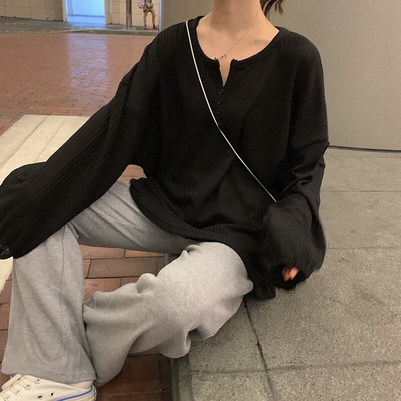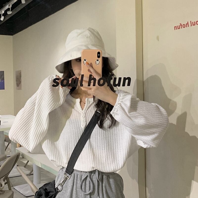 スプリング韓国ファッションカラールーズプルオーバー セーター スタイルゆったりシャツ トップス ロング 春物 ピュア 長袖 Marchs33421448084
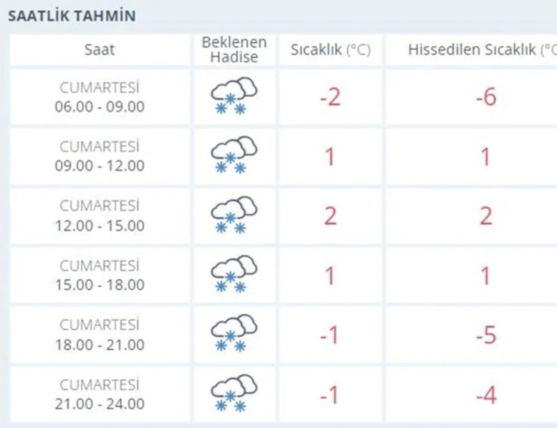 Çok bulutlu, aralıklı kar yağışlı geçeceği tahmin ediliyor. Yağışların; yer yer kuvvetli olması bekleniyor.
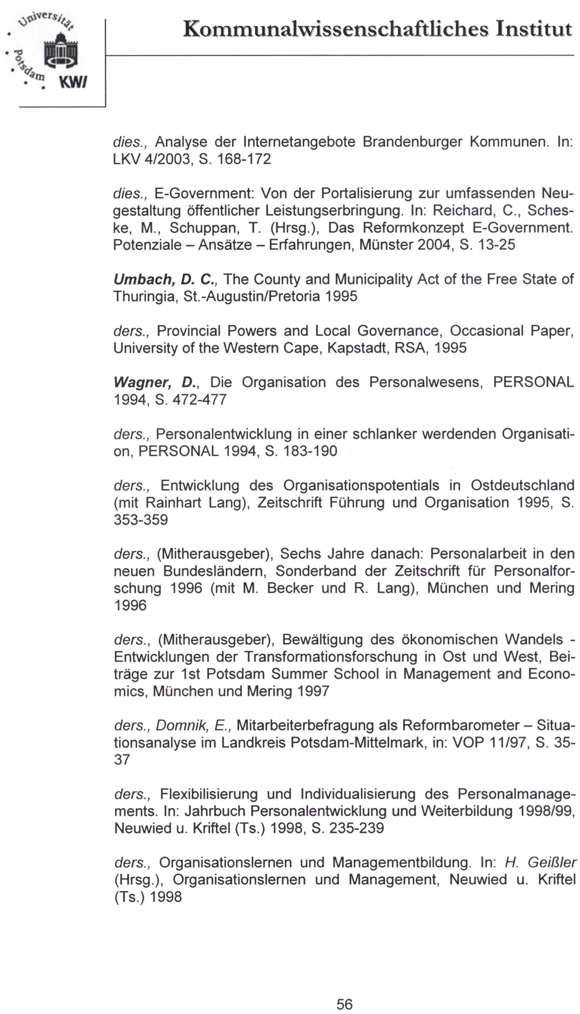 ders.,(Mitherausgeber), Sechs Jahre danach: Personalarbeit in den neuen Bundesländern, Sonderband der Zeitschrift für Personalforschung 1996(mit M. Becker und R. Lang), München und Mering 1996
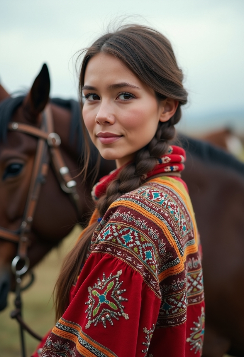 Примерить образ на себеЖенщина в казахской верхней одежде с узором в традиционной палитре стоит у погонщика с табуном. Она оборачивается на камеру с лёгкой полуулыбкой. Крупный план, акцент на динамике и бытии в движении.
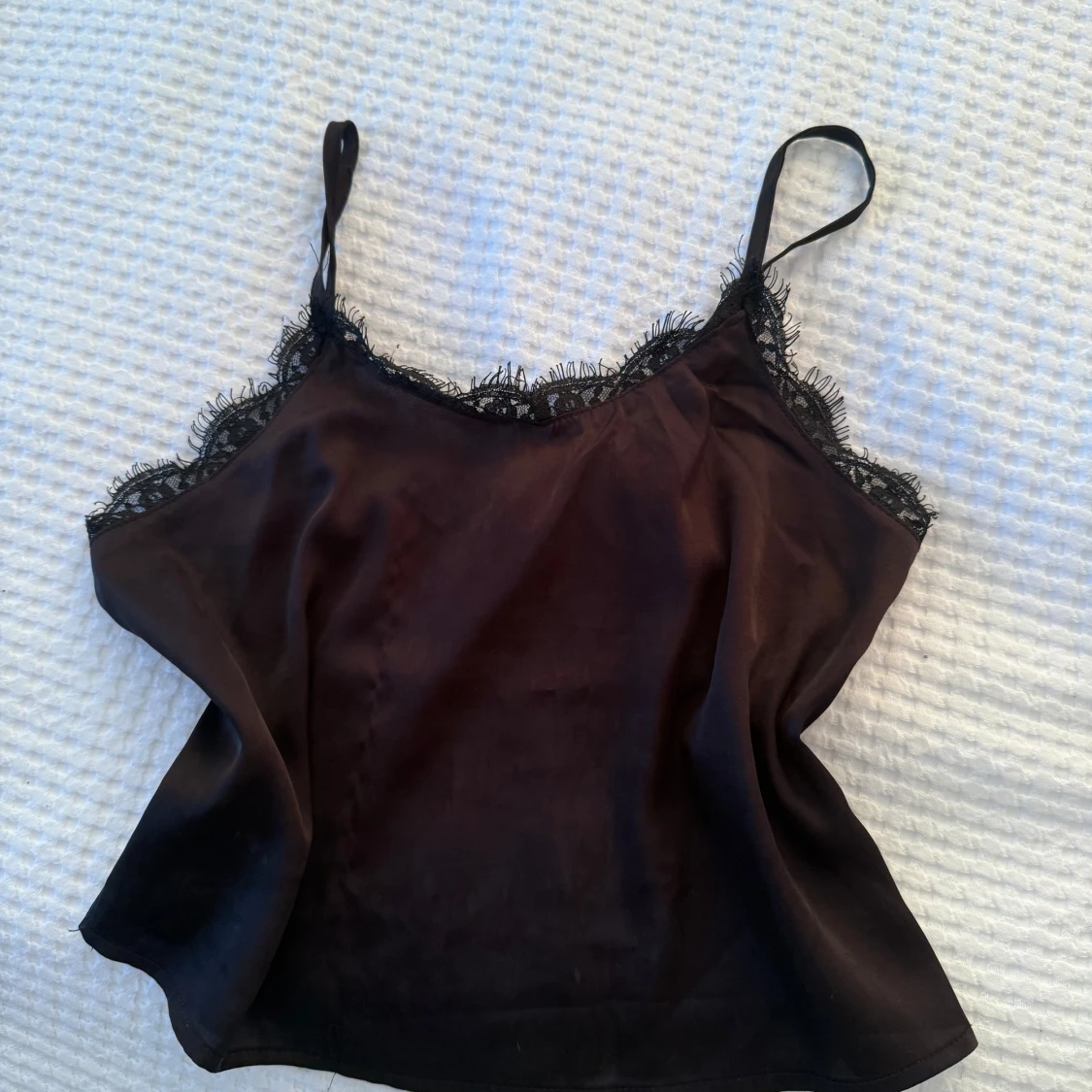Snygg svart linnetopp med tunna axelband och dekorativ spetskant längs halsringningen. Toppen har en mjuk, glansig yta som ger en lyxig känsla och är perfekt för att lyfta din outfit. Passar dig som gillar stilrena och trendiga plagg.
•••
## DIRECTIONS
Leave the pictures out. Output, exactly, the lines of the material above starting at the line containing "ders.,(Mitherausgeber), Sechs Jahre" and ending at the line containing "Примерить образ на".

## TASK RESULT
 ders.,(Mitherausgeber), Sechs Jahre danach: Personalarbeit in den neuen Bundesländern, Sonderband der Zeitschrift für Personalforschung 1996(mit M. Becker und R. Lang), München und Mering 1996
 Примерить образ на себеЖенщина в казахской верхней одежде с узором в традиционной палитре стоит у погонщика с табуном. Она оборачивается на камеру с лёгкой полуулыбкой. Крупный план, акцент на динамике и бытии в движении.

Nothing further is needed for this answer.